Investigation of tapered silver / silver halide coated hollow glass waveguides for the transmission of CO2 laser radiation

The present study focuses on the theoretical and practical infrared radiation propagation properties of tapered silver / silver iodide coated Hollow Glass Waveguides (HGWs). Tapered HGWs with inner diameters ranging from 300 μm to 650 μm with a linear taper increasing at an approximate rate of 1.5 μm/cm were fabricated and optimized for low-loss transmission of CO2 laser radiation at of 10.6 μm. The theoretical losses in these tapered silver / silver iodide coated HGWs are calculated for light transmitted from the big to the small and vice versa. Theoretical calculations used in this study are based on ray-optics. Experimental loss measurements are likewise presented, along with the calculated and measured output beam divergence. The experimental bending losses of the tapered HGWs are studied and compared with those measured and for those for non-tapered, straight bore sizes from 300 to 700 μm. Experimental losses for tapered Ag/AgI HGWs ranged from 0.732 - 1.340 dB/m depending on configuration and bending radius.

Efficient coupling of double-metal terahertz quantum cascade lasers to flexible dielectric-lined hollow metallic waveguides

The growth in terahertz frequency applications utilising the quantum cascade laser is hampered by a lack of targeted power delivery solutions over large distances (>100 mm). Here we demonstrate the efficient coupling of double-metal quantum cascade lasers into flexible polystyrene lined hollow metallic waveguides via the use of a hollow copper waveguide integrated into the laser mounting block. Our approach exhibits low divergence, Gaussian-like emission, which is robust to misalignment error, at distances > 550 mm, with a coupling efficiency from the hollow copper waveguide into the flexible waveguide > 90%. We also demonstrate the ability to nitrogen purge the flexible waveguide, increasing the power transmission by up to 20% at 2.85 THz, which paves the way for future fibre based terahertz sensing and spectroscopy applications.

Investigation of metal sulfide optical thin film growth in low-loss IR hollow glass waveguides

In this study, the film growth kinetics for near and mid-IR reflection enhancing CdS and PbS dielectric thin films in HGWs is experimentally established. Crucial fabrication parameters including solution concentrations, pH, and fluid velocity are optimized. The film thickness of these films in HGWs is studied as a function of deposition time and temperature. Through IR spectral response analysis, the dielectric thin film thicknesses were determined and found to have a strong linear time dependence. Accurate metal sulfide film growth models in HGWs were developed, allowing for direct determination of necessary deposition times to yield metal sulfide HGW thin film coatings having a desired response.

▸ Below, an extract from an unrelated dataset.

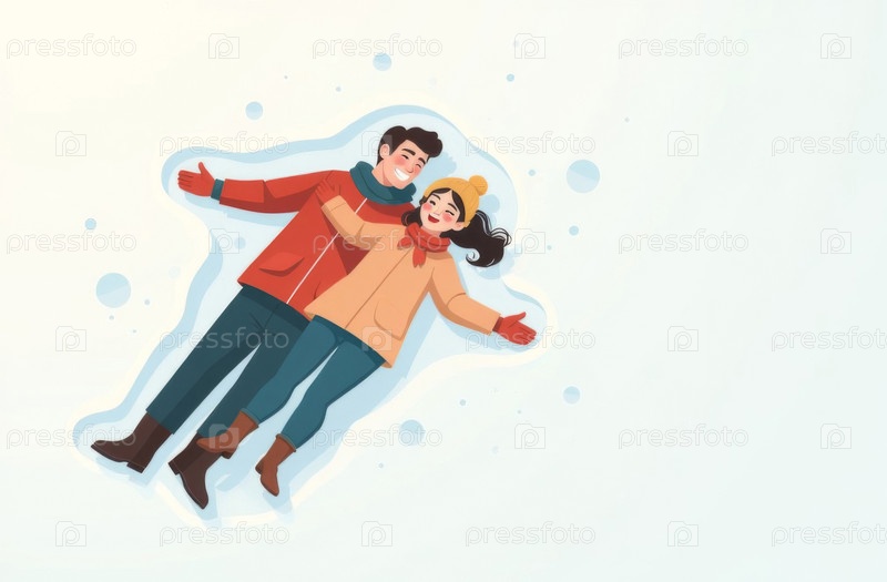 Мужчина и женщина лепят снежных ангелов, пара лежит в снегу, идет снег. Создано с помощью искусственного интеллекта

Theoretical and experimental investigation of infrared properties of tapered silver/silver halide-coated hollow waveguides

Silver/silver halide-coated hollow-glass waveguides (HGWs) are capable of low-loss, broadband transmission at infrared wavelengths with the advantage of optical response tunability through alteration of a number of key design parameters. Generally, the design of circular HGWs has primarily involved optimization of the waveguide bore size and deposited film structure in order to obtain the desired optical response, with the waveguide bore size being held constant as a function of length. In this study, the effects of HGW structures consisting of linearly tapered inner diameters on the optical response at infrared wavelengths are theoretically and experimentally investigated. Theoretical analysis involving numerical ray optics methods accounting for the dynamic nature of bore size, and consequently light propagation, along the waveguide length is presented and compared to experimental results in order to gain a deeper understanding of these atypical HGW structures.